● Problem to work on: The lines to transcribe begin with the one containing "Begane grond: entree" and end with the last line below; reproduce them exactly, without the pictures.

● Input data:
━━━━━━━━
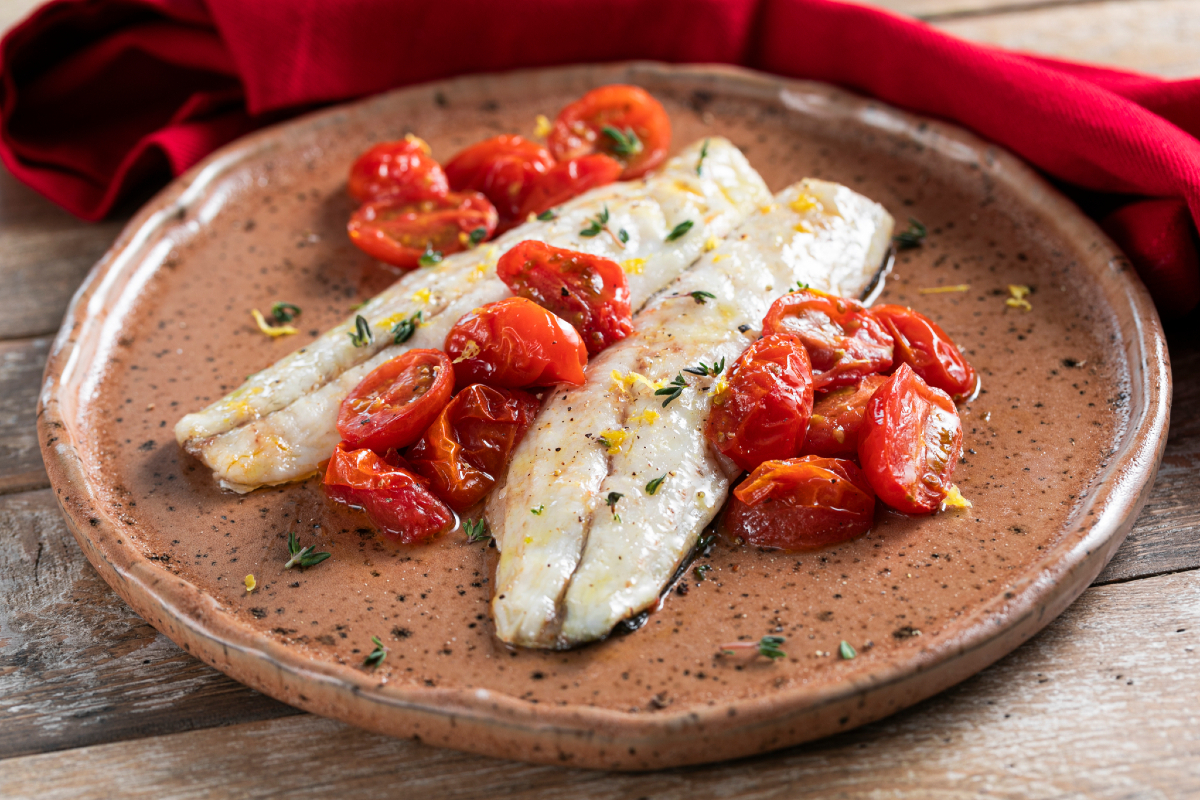 Acompanhando estarão os tomatinhos datterino. Pequenos, doces e intensos, que no cozimento se transformam em um acompanhamento suculento e aromático. O equilíbrio entre acidez e o açúcar mascavo criará um contraste perfeito com a delicadeza do peixe, dando ao prato uma nota viva e mediterrânea.
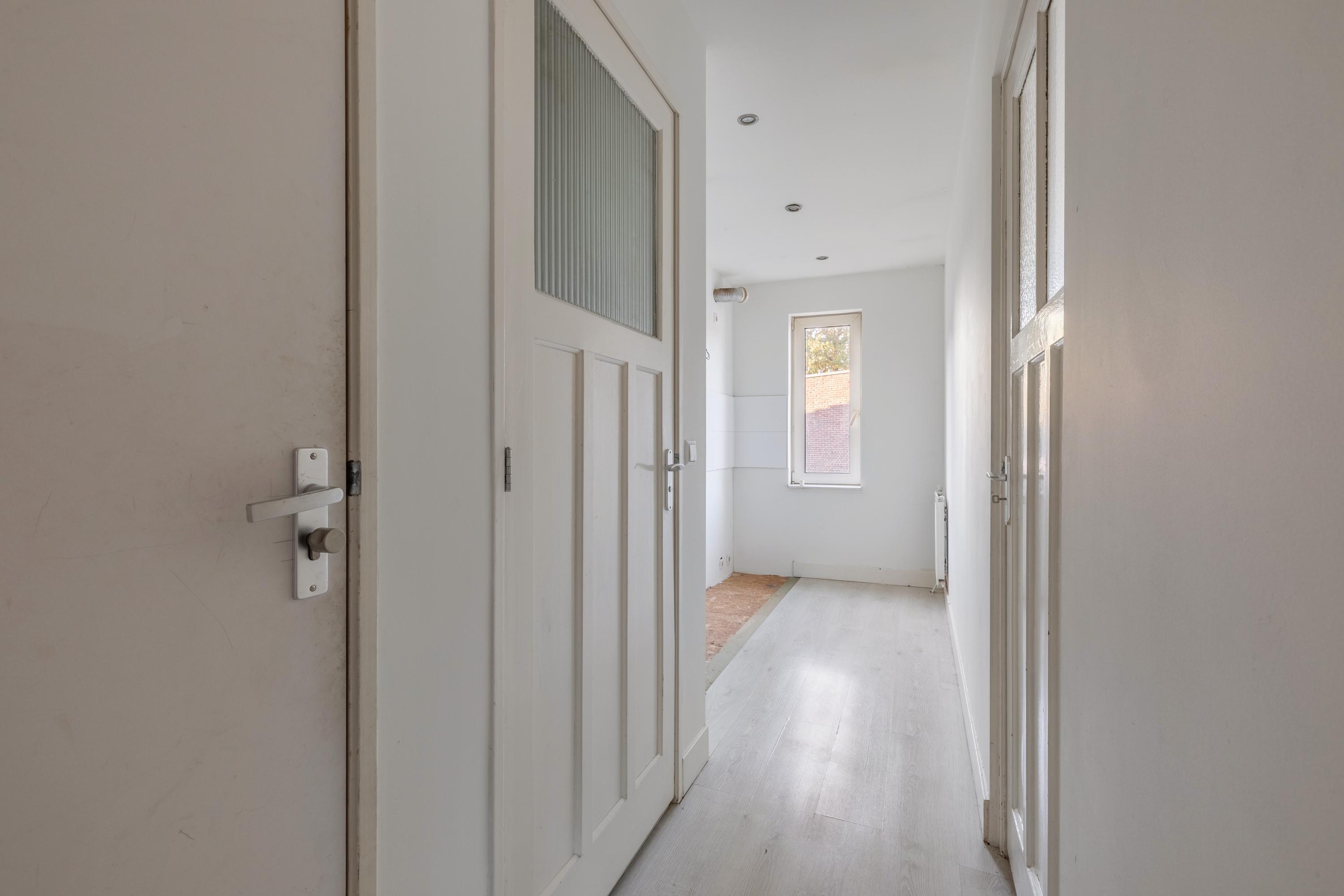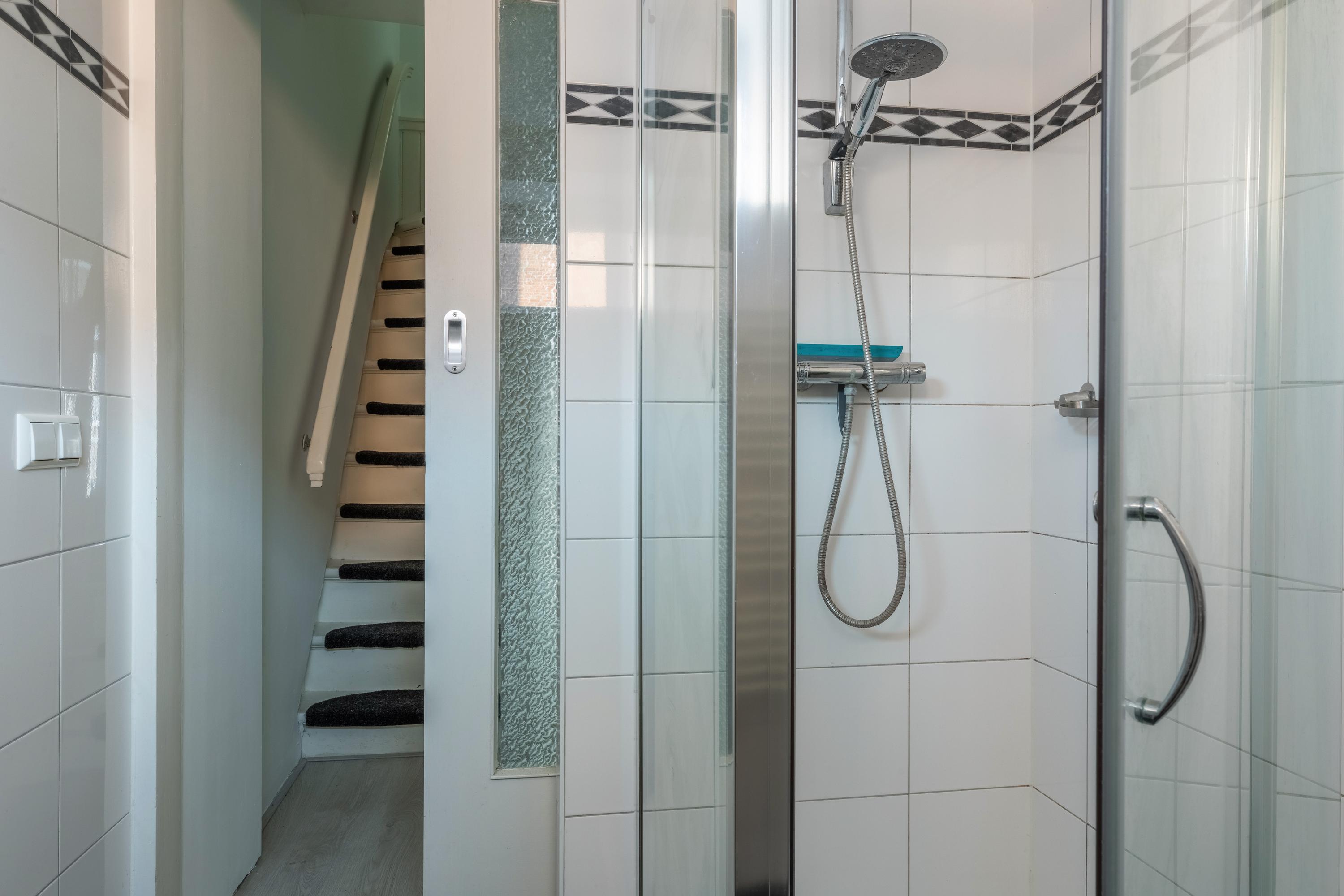 Begane grond: entree met hal, trap naar de stahoge kelder en een toilet met fonteintje. Tevens bevindt zich op deze etage een badkamer met douche en wastafel. De lichte woonkamer heeft een prettige zithoek aan de voorzijde en voldoende ruimte voor een royale eethoek aan de tuinzijde. Aan de achterzijde ligt de open keuken, voorzien van een keukenblok met spoelbak, 4-pits gasfornuis en afzuigkap. Via openslaande deuren bereikt u de gezellige stadstuin met achterom, waar zich tevens een berging bevindt – ideaal voor fietsen en extra opslag.
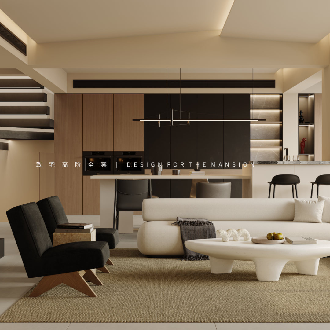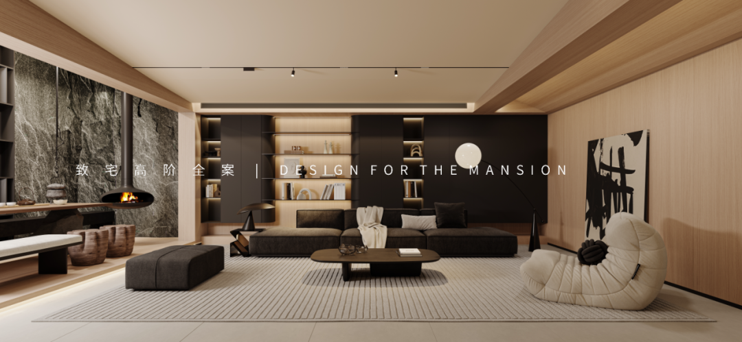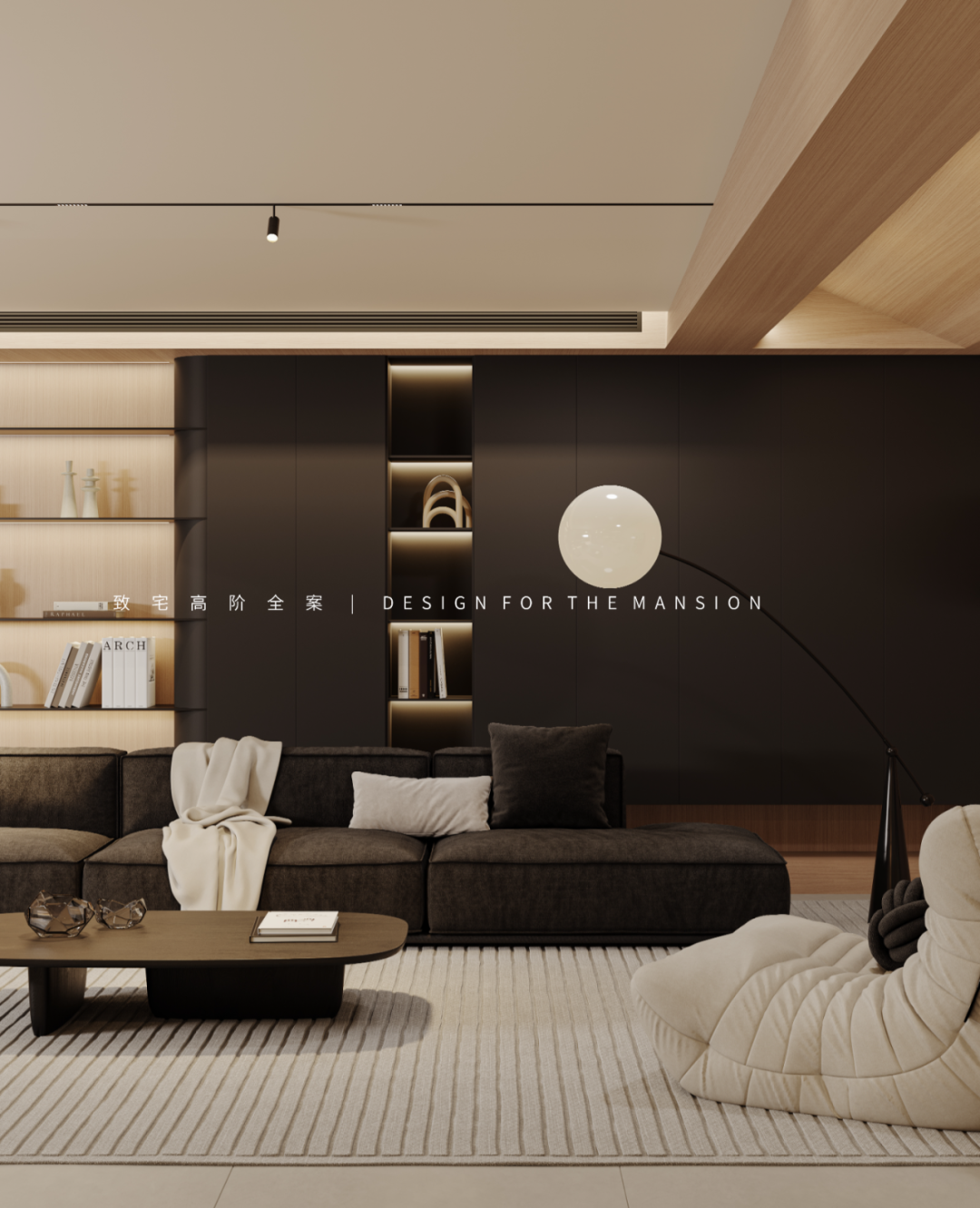低靠背白色沙发与白色茶几提亮趋向统一的底色,黑色单人椅带来视觉重点与色块上的平衡。
━━━━━━━━
● Expected answer:
 Begane grond: entree met hal, trap naar de stahoge kelder en een toilet met fonteintje. Tevens bevindt zich op deze etage een badkamer met douche en wastafel. De lichte woonkamer heeft een prettige zithoek aan de voorzijde en voldoende ruimte voor een royale eethoek aan de tuinzijde. Aan de achterzijde ligt de open keuken, voorzien van een keukenblok met spoelbak, 4-pits gasfornuis en afzuigkap. Via openslaande deuren bereikt u de gezellige stadstuin met achterom, waar zich tevens een berging bevindt – ideaal voor fietsen en extra opslag.
低靠背白色沙发与白色茶几提亮趋向统一的底色,黑色单人椅带来视觉重点与色块上的平衡。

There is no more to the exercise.